Я автоматически устремляю взгляд к двери, но теперь все это в прошлом. Она была оставлена приоткрытой, слегка покачиваясь взад-вперед от дуновения ветерка, врывающегося в открытое окно. Я знаю, что он сделал это нарочно. Это еще один пример великого противоречия, которым является Данте Сантьяго. Он может пленить меня, завладеть моими эмоциями и склонить к своему образу мыслей, но все равно хочет предложить мне частичку свободы.

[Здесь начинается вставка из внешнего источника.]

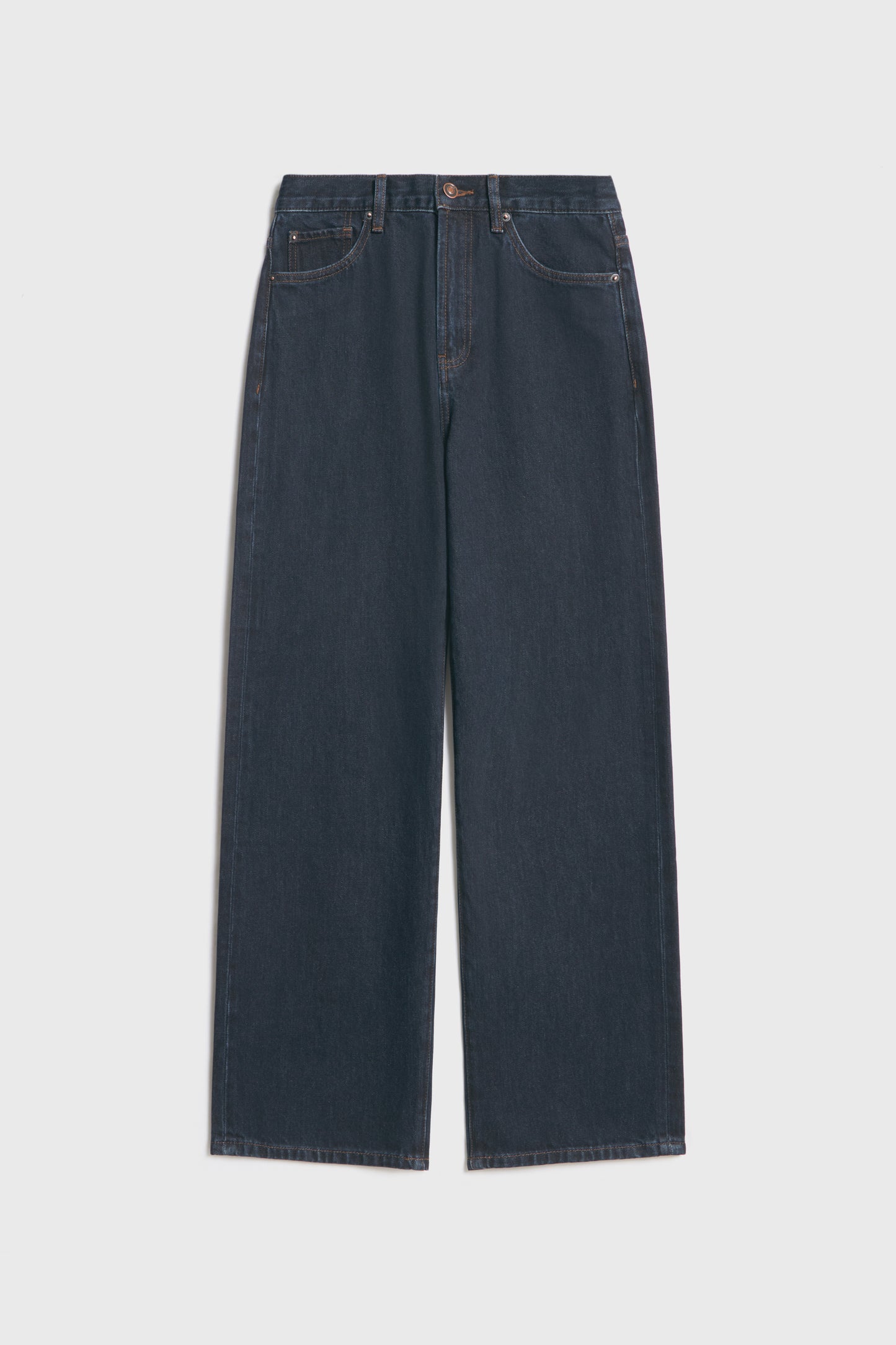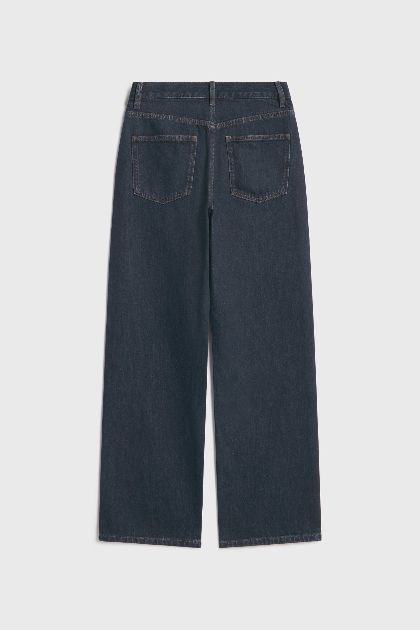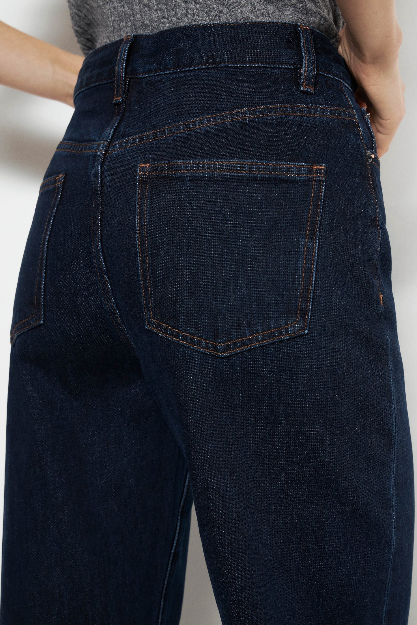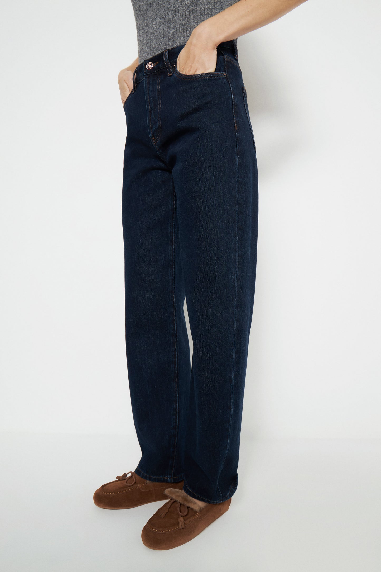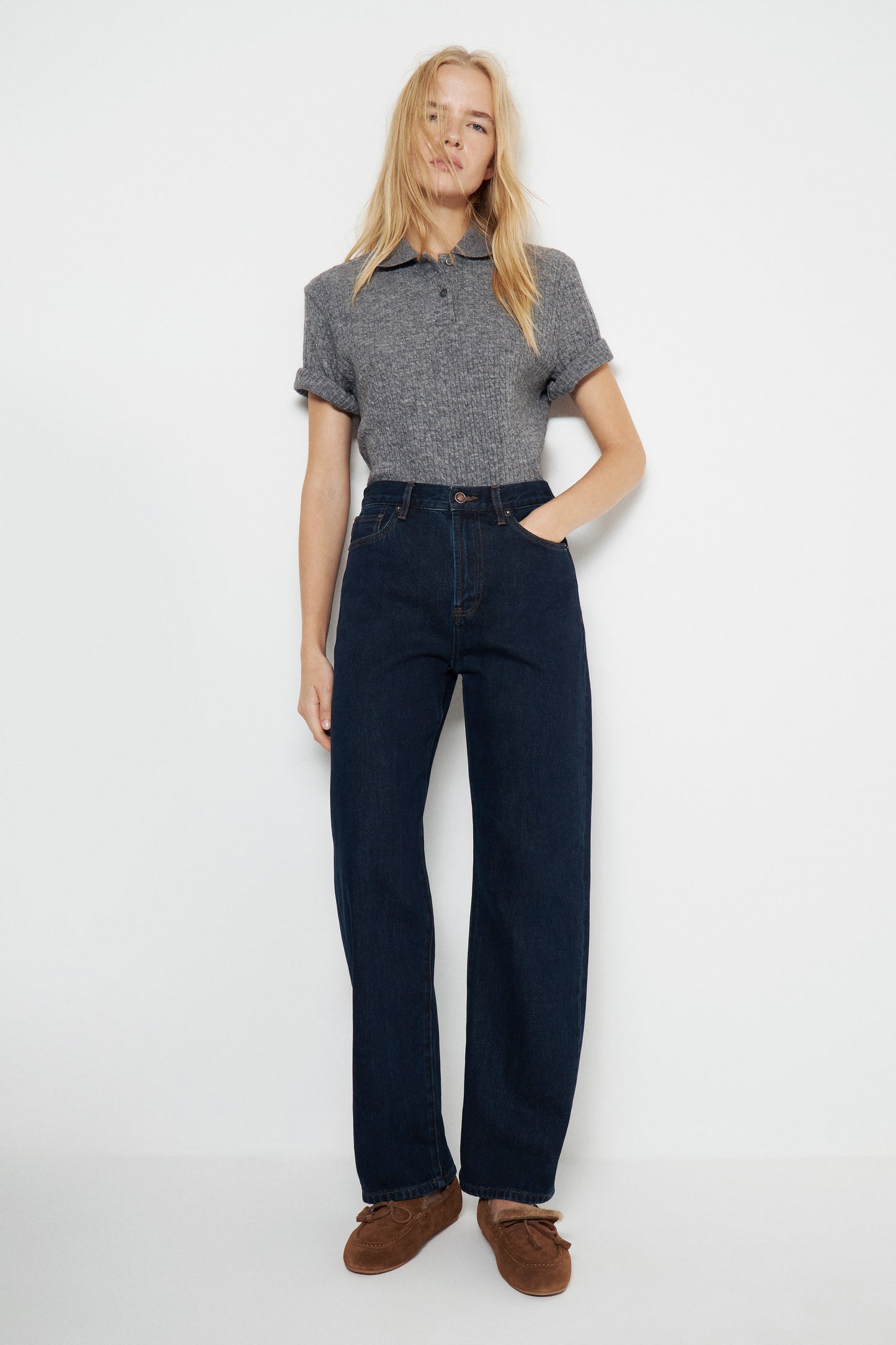 High-waist jeans with five pockets. Straight-leg design. Front button fastening.

Я сажусь и морщусь. Моя голова все еще болит от вчерашнего наркотика и нового конфликта, который он пробудил во мне. Кожа чувствительна от его ремня. Я пропитана мощным ароматом его, нас, ночи жесткого секса и разрушенных границ.

Мне нужен душ.

Как и вся остальная часть дома, его спальня была оформлена в минимализме. Элегантные шторы, стены цвета теплой охры. Это место гораздо больше похоже на дом, чем его прежняя резиденция.

Соскользнув с кровати, я пробираюсь по терракотовой плитке в ванную и надолго забываюсь под душем. Моя ушибленная плоть, кажется, болит меньше, когда ее касается кипяток. Я оглядываюсь в поисках туалетных принадлежностей и вижу, что все мои обычно используемые шампуни и кондиционеры выстроились в ряд рядом с его. Я смотрю на них, мои мысли лихорадочно вертятся. Он никак не мог отправить все это самолетом со вчерашнего дня.

Он ждал меня.

Пока мою голову, я думаю о мотивах, побудивших его поступить со мной так, как он поступил. Он боялся, что я буду драться с ним? Данте не ошибся бы, подумав так. Я и раньше отказывалась идти с ним, но тогда мои доводы были гораздо более запутанные…

Знакомая боль пронзает меня прямо в грудь. Я так сильно скучаю по своим родителям. Я скучаю по своему беззаботному существованию до того, как он украл меня и открыл мне глаза на этот мир. Я скучаю по плохим шуткам моего отца, по доброте и теплоте моей мамы. Скучаю по их объятиям. Мне не хватает их заверений. Мне нужно, чтобы они сказали мне, что я не совершаю худшую ошибку в своей жизни, любя этого мужчину.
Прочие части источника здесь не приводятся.